Вместо ответа Саллер внезапно сорвался с места и начал расхаживать по кабинету. Некоторое время он в молчании мерил его шагами, бросая на меня быстрые взгляды, наконец остановился у каминной полки.
Сияние пламени озарило его фигуру, вплело янтарные отблески в волосы, оттеняя их золотом. Подсвеченное снизу лицо казалось сейчас особенно жестким, хищным. Замерев, я как зачарованная смотрела в мерцающие глаза, в глубине которых танцевали яркие огненные сполохи, и сердце мое билось громко и тяжело, охваченное восторгом и болью.
— Простите, — отрывисто произнес он, и я очнулась.
— За что?
— За то, что у меня нет ни малейшего желания просить у вас прощения.
Очень информативно, а главное — логично.
Поймав мой удивленный взгляд, он сжал кулаки.
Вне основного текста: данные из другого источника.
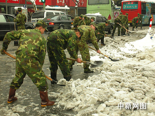 杭州積雪嚴重,武警官兵冒著嚴寒鏟雪
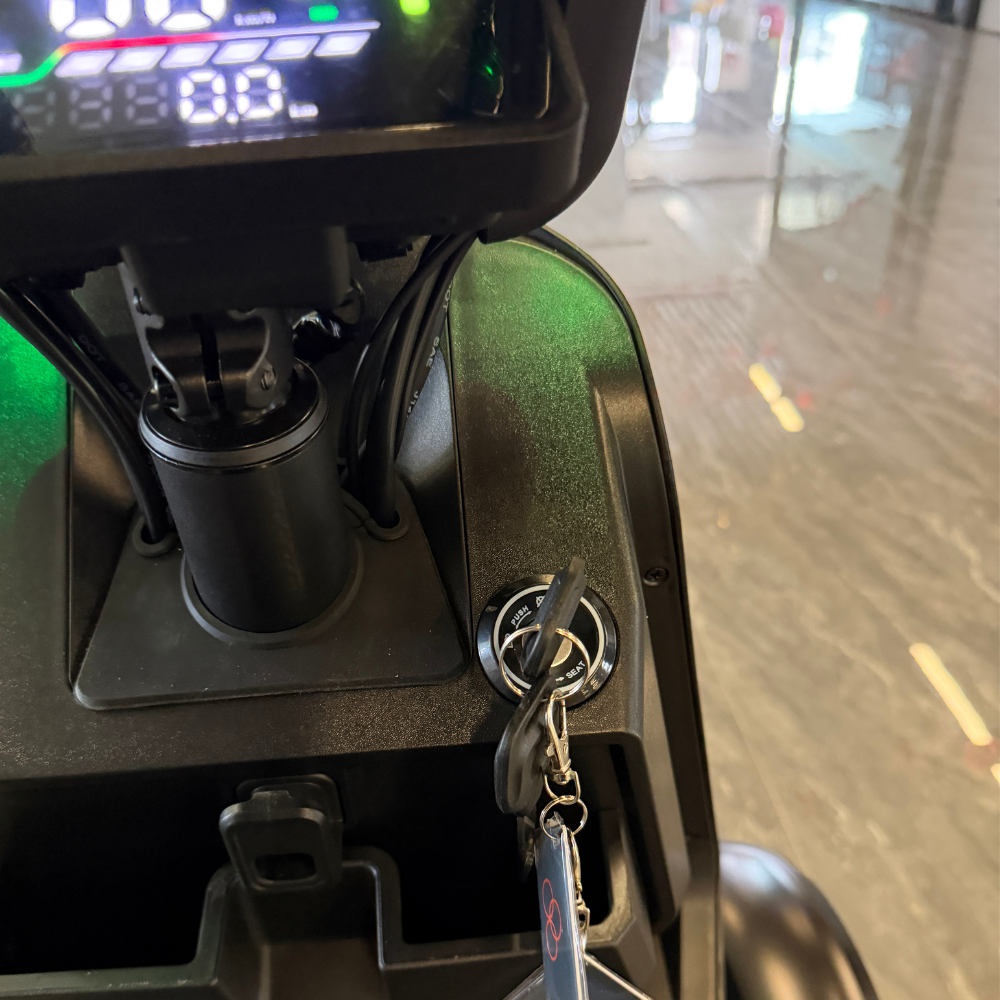 人間工学に基づいた背面の角度と長時間乗っても疲れない適度な硬さと包み込む質感のシートは、まさにラグジュアリーEV四輪。前後にシートを移動することも可能で乗る方の体格を選びません。
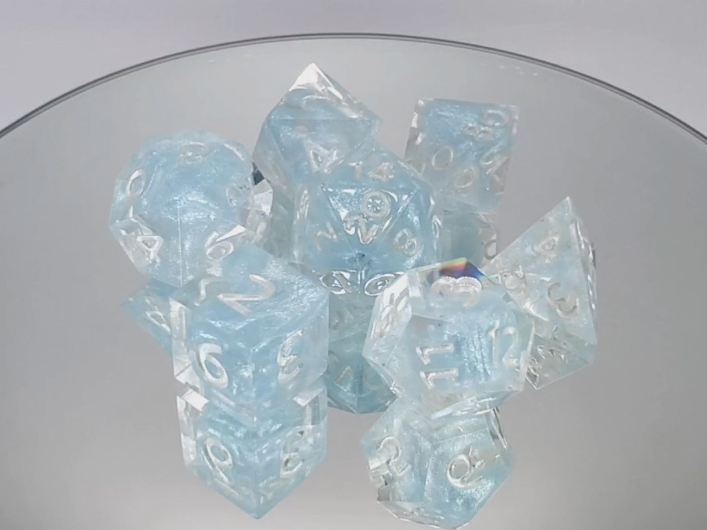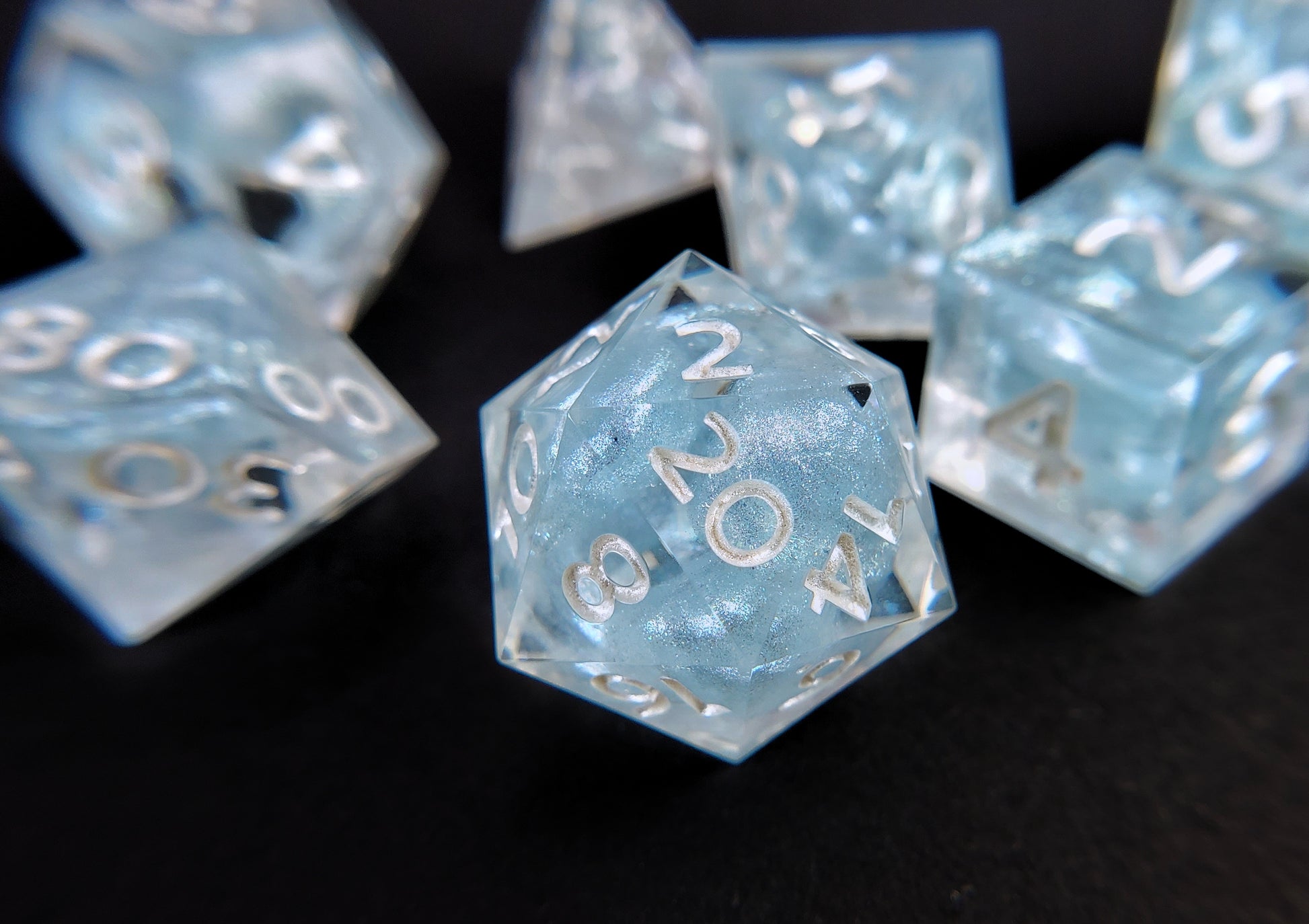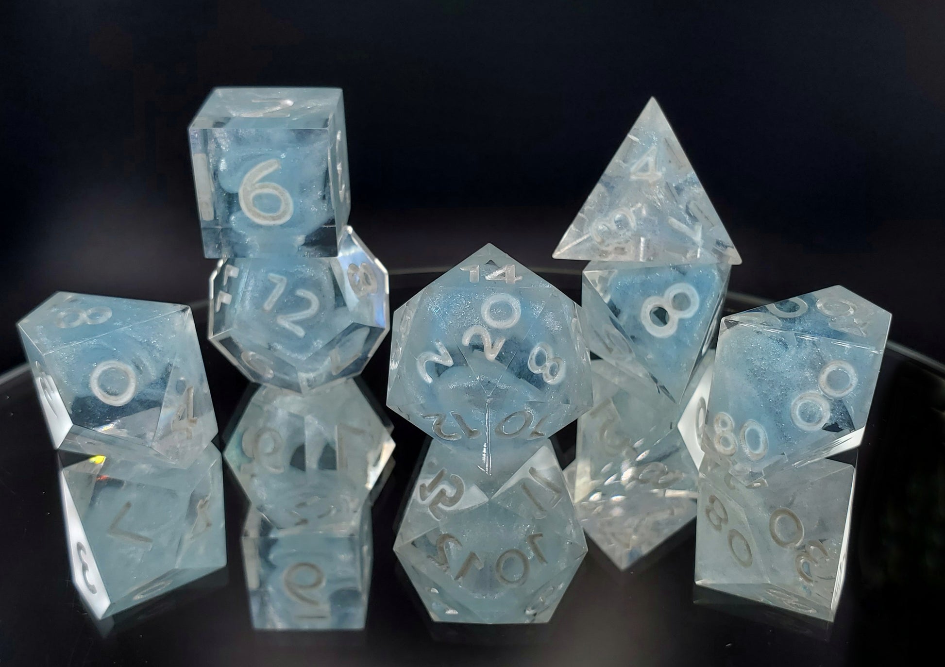 A full standard 7 piece polyhedral set (d20, d12, d%, d10, d8, d6, and d4) of clear resin with glittering light blue clouds and pearl white numbering.

— Я пригласил вас сюда, чтобы извиниться за свое недостойное поведение по пути в обитель. Вы замужем. Все, что я по этому поводу думаю и чувствую, — мое личное дело, я не должен был поддаваться эмоциям. Вам стало плохо, вы обратились ко мне за помощью, а я… Я просто воспользовался ситуацией. Это недостойно. Да, по всем правилам я обязан принести вам свои извинения. Но, Птарх побери, не стану этого делать и обманывать вас. У меня нет сожаления по поводу случившегося. Если бы все повторилось, я повел бы себя точно так же.
Он снова замолчал. Потом устало махнул рукой.
— Уже поздно, графиня. Вас ждет муж. Идите… Да идите же, ради Танбора, — раздраженно повысил он голос, видя, что я все еще сижу в кресле.
И отвернулся, казалось, потеряв ко мне всякий интерес.
Неловко кивнула, поднялась и направилась к выходу. Негромкий окрик нагнал меня у самой двери.
— Миледи… — Саллер мгновенно пересек комнату, остановился рядом, протягивая руку. — Вы забыли попрощаться.
Вдали от камина его глаза стали совсем темными, но в глубине их по-прежнему вспыхивали жаркие искры.
— До свидания, ваша светлость…
Поколебавшись, вложила дрожащие пальцы в раскрытую ладонь. Он на миг прижался к ним губами, опалив горячим дыханием, а потом крепко сжал.
— Мири… — Прозвучало глухо, почти неузнаваемо, и я покачнулась, чуть не рухнув в открывшуюся подо мной бездонную пропасть.
— Почему, глядя на тебя, я обо всем забываю, девочка? — Его голос обжигал, как языки пламени, скользившие по дровам в очаге. — О долге, чести, родственных чувствах? Почему схожу с ума от запаха твоих волос? Почему по ночам просыпаюсь от звука твоего голоса? Почему радуюсь тому, что мой брат до сих пор так и не смог прикоснуться к собственной жене? И почему мне хочется убить любого, кто осмелится оспорить мое право обладать тобой?
Герцог сделал еще один шаг, подходя вплотную, одним движением притянул меня к себе, медленно склонил голову. Я знала, что сейчас произойдет, но ничто на свете не заставило бы меня отстраниться. Это было выше моих сил.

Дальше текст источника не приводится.